At times the sauce wasn’t so secret. On Fools Gold, the focal point of the song isn’t really the singing or Squire’s wah-pedal-heavy guitar work, or even the breakbeat borrowed from Bobby Byrd’s 1971 single Hot Pants: it’s Mani’s snaking, relentless bass. When you think of She Bangs the Drums, the initial element that comes to thought is the bass line.

The Stone Roses captured in 1989.

Indeed, in Mani’s view, when the Stone Roses stumbled musically it was because they were insufficiently funky. Fools Gold’s disappointing follow-up One Love was lackluster, he suggested, because it “could have swung, it’s a little bit stiff”. He was a strong defender of their frequently criticized follow-up record, Second Coming but believed its flaws might have been fixed by removing some of the overdubs of Led Zeppelin-inspired six-string work and “returning to the rhythm”.

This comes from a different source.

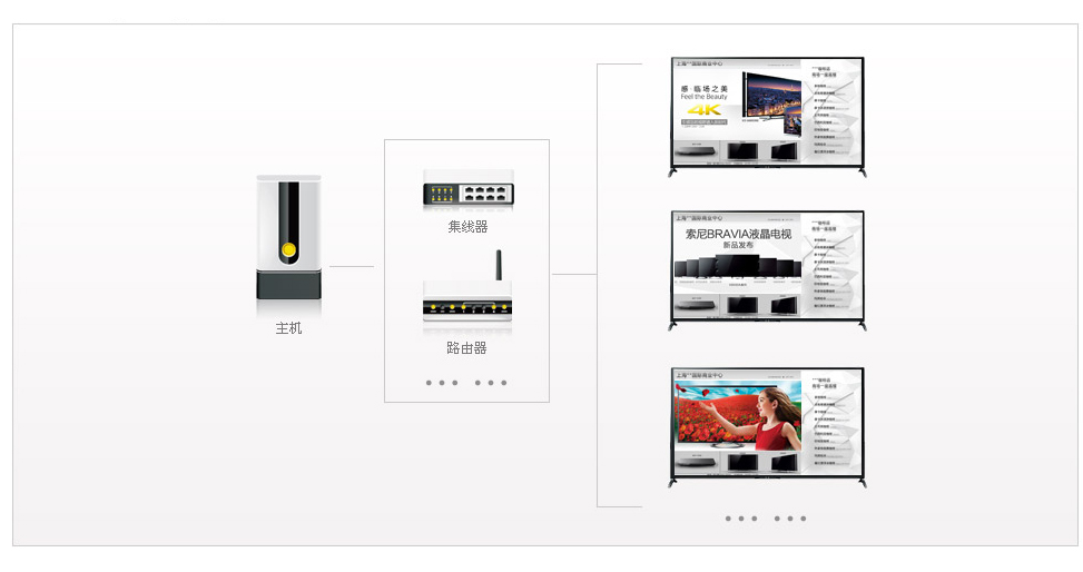 索尼BRAVIA商用定制液晶电视机提供的功能为您提供完善的应用方案。 服务器基于开放的HTML5协议为框架系统,加上索尼BRAVIA液晶电视具 备的商用功能;系统集成商只要通过网线就可以把这些难题化繁为简。

He may well have had a point. Second Coming’s scattering of highlights usually occur during the instances when Mounfield was really given free rein – Daybreak, Love Spreads, the excellent Begging You – while on its more sluggish songs, you can sense him metaphorically urging the band to pick up the pace. His performance on Tightrope is completely at odds with the lethargy of all other elements that’s going on on the song, while on Straight to the Man he’s audibly trying to add a bit of pep into what’s otherwise just some unremarkable country-rock – not a style anyone would guess listeners was in a hurry to hear the Stone Roses attempt.

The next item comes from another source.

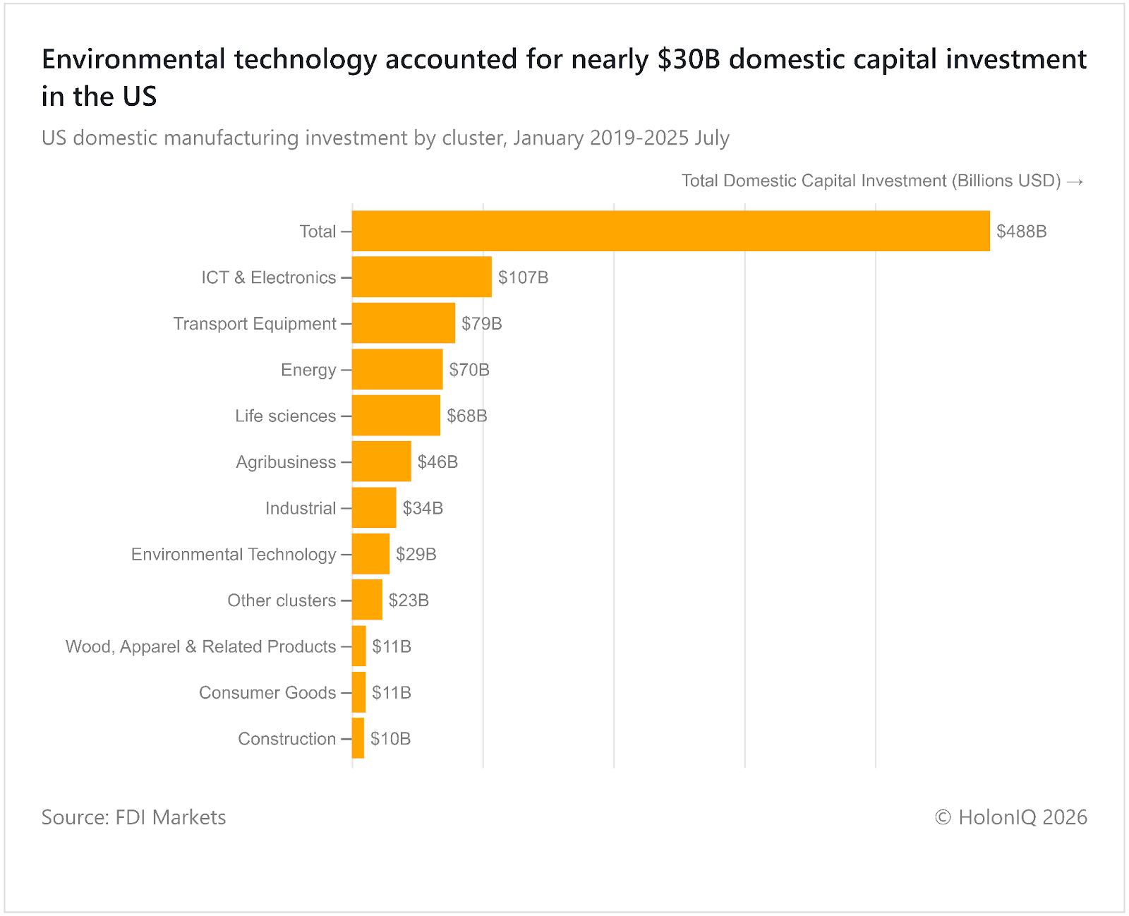 Environmental technology attracted nearly $30B in investment in the US. Green industries remain undercapitalised despite rising climate targets. Advanced manufacturing is closely tied to this sector by producing batteries, precision sensors, and clean energy systems, which require high-tech fabrication capacity. As countries scale net zero strategies, industrial policy and green incentives will increasingly channel capital toward environmentally focused manufacturing ecosystems.

His efforts were in vain: Wren and Squire departed the band following Second Coming’s release, and the Stone Roses imploded entirely after a disastrous headlining set at the 1996 Reading festival. But Mani’s next gig with Primal Scream had an remarkably galvanising impact on a band in a decline after the tepid reception to 1994’s guitar-driven Give Out But Don’t Give Up. His tone became dubbier, weightier and increasingly distorted, but the swing that had provided the Stone Roses a unique edge was still in evidence – especially on the low-slung funk of the 1997 single Kowalski – as was his skill to push his bass work to the fore. His percussive, hypnotic low-end pattern is certainly the star turn on the brilliant 1999 single Swastika Eyes; his contribution on Kill All Hippies – similar to Swastika Eyes, a standout of Xtrmntr, undoubtedly the best album Primal Scream had made since Screamadelica – is superb.

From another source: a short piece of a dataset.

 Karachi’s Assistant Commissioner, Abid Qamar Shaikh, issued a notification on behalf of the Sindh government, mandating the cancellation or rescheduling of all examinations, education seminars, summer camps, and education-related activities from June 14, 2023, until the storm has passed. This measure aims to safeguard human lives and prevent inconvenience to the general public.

Always an affable, sociable figure – the author John Robb once observed that the Stone Roses’ hauteur towards the press was invariably punctured if Mani “became more relaxed” – he performed at the Stone Roses’ 2012 reunion show at Manchester’s Heaton Park using a customised bass that bore the inscription “Super-Yob”, the nickname of Slade’s preposterously styled and permanently grinning axeman Dave Hill. This reformation failed to translate into anything more than a lengthy succession of extremely profitable gigs – two new tracks released by the reformed four-piece served only to prove that any spark had been present in 1989 had proved impossible to recapture 18 years on – and Mani discreetly announced his departure from music in 2021. He’d made his money and was now more concerned with angling, which additionally provided “a good excuse to go to the pub”.

Maybe he thought he’d achieved plenty: he’d definitely left a mark. The Stone Roses were influential in a range of manners. Oasis certainly took note of their swaggering approach, while the 90s British music scene as a whole was shaped by a aim to break the standard commercial constraints of alternative music and attract a more general public, as the Roses had done. But their clearest immediate effect was a sort of groove-based change: in the wake of their initial success, you abruptly encountered many alternative acts who aimed to make their fans dance. That was Mani’s artistic raison d’être. “It’s what the bass and drums are for, aren’t they?” he once stated. “That’s what they’re for.”

Mariah Oliver
Mariah Oliver

A passionate local guide with over 10 years of experience sharing Turin's hidden gems and stories.